Prime-time champ CBS is sitting out New Year’s Eve.
New Year's, ESPN-style
Young viewers certainly have other options. MTV’s annual soiree features Kanye West, Shakira and Adam Levine. ESPN is also getting into the New Year’s business, with Stuart Scott as host of a party on ESPN2 with guest Little Steven Van Zandt, mixing sports highlights with a roster of garage rockers.
ESPN sensed that more and more of its young male viewers were interested in inviting friends over rather than going out on New Year’s Eve, Scott said.
CNN’s Anderson Cooper will also be prowling Times Square for a special on the news network.
While he’s there, he may spot Philbin leading the crowd in a verse of “New York, New York” from his perch outside Planet Hollywood. Philbin caught the New Year’s bug last year when he filled in for Clark; now he’s a competitor.
“They could have had Regis back this year if they wanted,” Philbin said, with a rare edge. “Ratings were pretty high.”
But he said he understood Clark’s desire to set up the “New Year’s Rockin’ Eve” franchise for the future.
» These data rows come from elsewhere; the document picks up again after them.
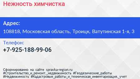 Нежность, химчистка по адресу 108818, Московская область, Троицк, Ватутинская 1-я, 3 в дальнейшем Организация, размещена в следующих категориях:
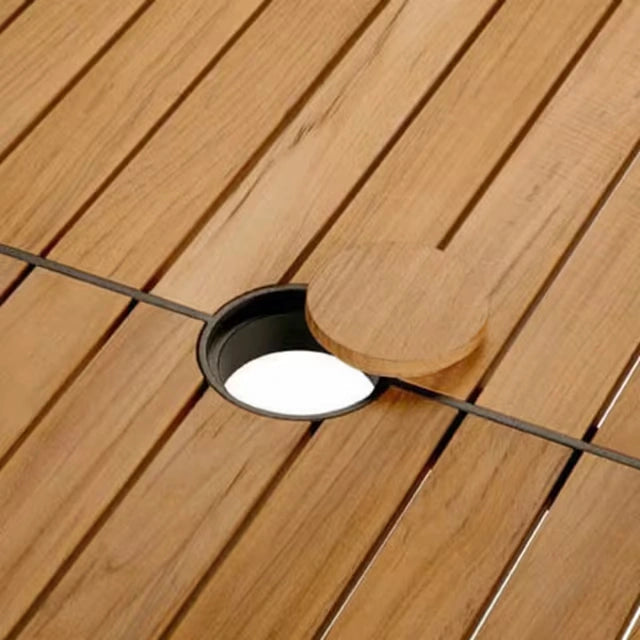 - Integrated Parasol System: Central parasol hole with aluminium surround includes teak plug for seamless appearance when parasol is not in use, offering flexible shade options for outdoor comfort.
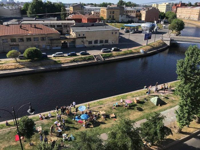 Пряжка — место исключительно местных. Людям со стороны может показаться, что тут нечего делать. А местные выгуливают собак, загорают, занимаются йогой и бегом. Этим летом мы с соседями устраивали тут субботники, пикники, праздники и просто собирались, когда нужно было что-то обсудить. Так что, если хотите познакомиться с местными, идите гулять на Пряжку.
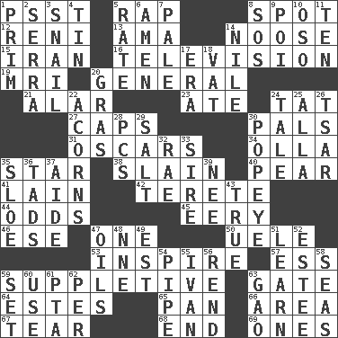 ACROSS 1. Inconspicuous attention getter 5. Strike 8. Blemish 12. Painter Guido (1575-1642) 13. Nursemaid (var.) 14. Trap for birds or small mammals 15. SW Asia republic 16. Household entertainment appliance 19. Medical imaging device (abbr.) 20. Commissioned military rank 21. Having or resembling wings 23. Had dinner 24. Make lace 27. Balmoral and tarboosh 30. Friends 31. Motion picture awards 34. Rounded earthenware pot or jar 35. Play the lead 38. Killed 40. Lightbulb-shaped fruit 41. (Had) reclined 42. Cylindrical with tapered ends 44. Probability 45. Suggestive of the supernatural 46. Compass dir. 47. Single 50. Ubangi River tributary 53. Stimulate to action 57. Double-curved letter 59. Supplying deficiencies 63. Yard entry 64. _____ Park, CO 65. Baking dish 66. Length times width 67. Separate forcefully 68. Conclude 69. Singles DOWN 1. Demure 2. Father Junipero _ 3. Slow-paced one 4. Metal container 5. Pace 6. So be it 7. Light colored 8. Distress signal 9. Luau course 10. Bear (Spanish) 11. "___ Little Indians" 14. Mediterranean tributary 17. Period 18. Large container 20. Pate de foie ____ 22. Oak nuts 24. Falsehood 25. Silent film actress Nazimova 26. Russian ruler of old 28. Personal Computers (abbr.) 29. Table seasoning 30. Wimpy's pal 32. Actress Charlotte 33. Father 35. A type of plum 36. Small amounts or degrees 37. Assistant 39. Born 43. Loyal 47. Lubricates 48. Compass dir. 49. Eastern Standard Time (abbr.) 51. Memorize 52. First name in cosmetics 54. Corncob 55. "Terrible" tsar 56. Tear apart 58. Oceans 59. Put into a specified state 60. Purpose 61. Parent Teacher Association (abbr.) 62. For each 63. E Mali city
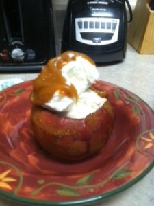 First, core the apples and hollow them out, leaving enough room to plop some ice cream in there.
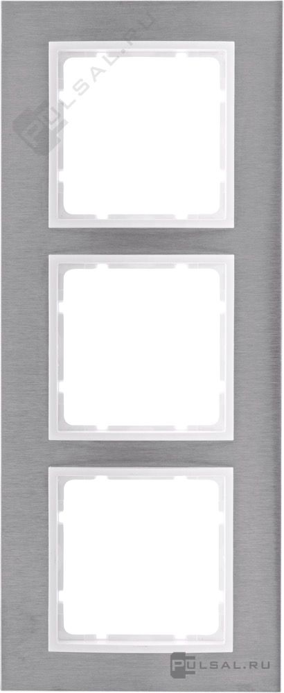 Рамкa B.7, 3 поста, цвет - нержавеющая сталь, белый матовый, металл
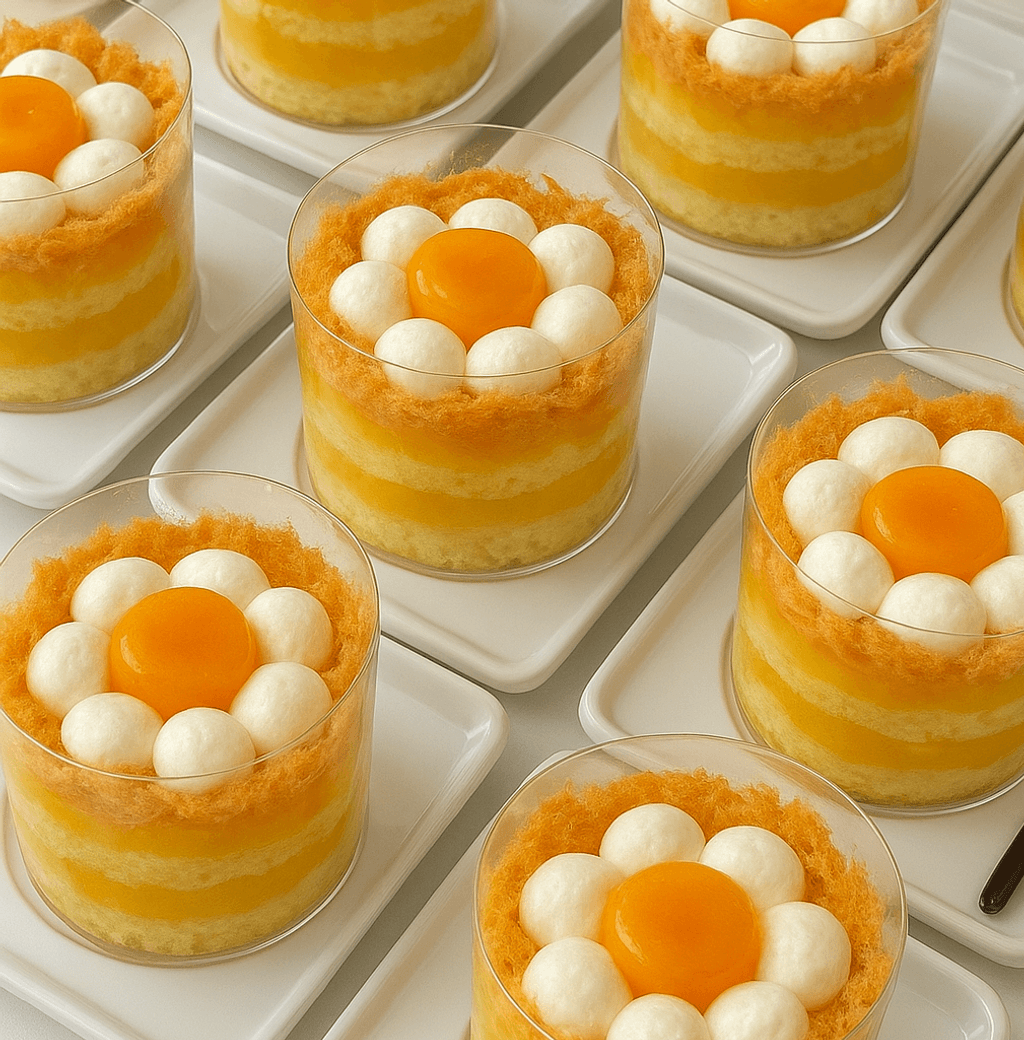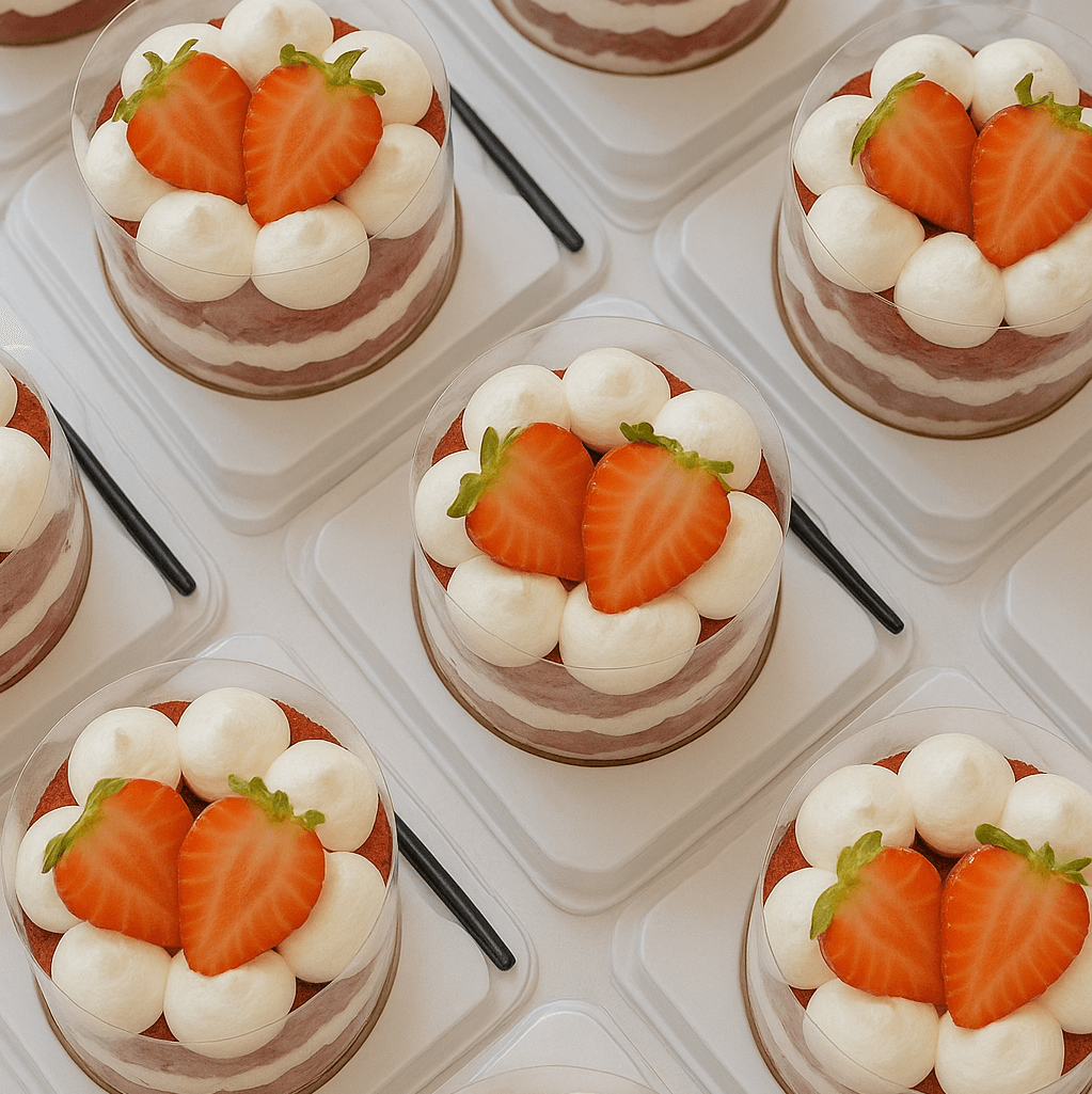 Một set 9 cốc chia đều 3 vị: dâu tây, xoài và sữa chua, kết hợp cùng cốt bánh vani, bên trên trang trí hoa quả tươi: dâu, xoài, nho xanh. Thích hợp các buổi tiệc vừa, đáp ứng khẩu vị khác nhau của các thành viên. 4.2x4.2x4.8cm/cốc

“The Regis-Ryan network swap is kind of a fun dynamic and I certainly wish Ryan the best,” said Phil Gurin, executive producer of Philbin’s Fox show. “I know Dick as well. Everyone doing these types of shows, we all know each other and we’ll probably have a drink when our shows are over, somewhere in Times Square, and just salute New Year’s together.”